Bidirectional quantum teleportation using quantum walks
A. S. Abay Krishna, K. K. Naseeda, N. C. Randeep
TL;DR
The paper develops bidirectional quantum teleportation protocols based on coined quantum walks on independent $1$-D lattices and $4$-cycles, enabling simultaneous teleportation in both directions without pre-shared entanglement. It provides explicit single-qubit and two-qubit schemes using either nearest-neighbor moves with a single coin or mixed moves with two coins (including next-nearest-neighbor steps), and demonstrates that single-step and two-step walk implementations are equivalent through detailed measurement-to-unitary mappings. The contributions include concrete walk definitions ($W_{1}$–$W_{4}$), conditional shift operators, measurement bases, and correction tables that guarantee faithful state reconstruction with calculable success probabilities.
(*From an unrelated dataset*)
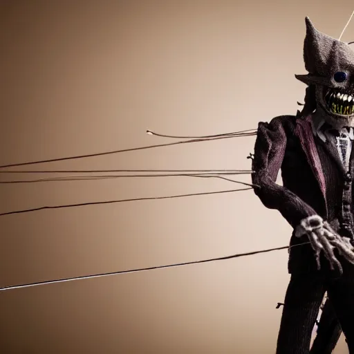 a highly detailed, dark fantasy, sinister humanoid figure made out of strings, making a smile wit...Show more

This work enriches quantum-information processing by showing how quantum-walk dynamics can generate and harness entanglement during computation, with potential extensions to more qubits, albeit with practical constraints in distributed, remote scenarios where joint operations are challenging.
Abstract
We present a method for bidirectional teleportation of a single qubit using quantum walks on two independent one dimensional lattices and two independent cycles with four vertices, employing nearest neighbor jumps with coin outcomes. In addition, we discuss two different methods for two qubit teleportation by employing nearest neighbor jumps and next nearest neighbor jumps with a single coin and two coins, respectively. Finally, we show that the two qubit single jump quantum walk and the two jump quantum walk teleportation schemes yield the same results.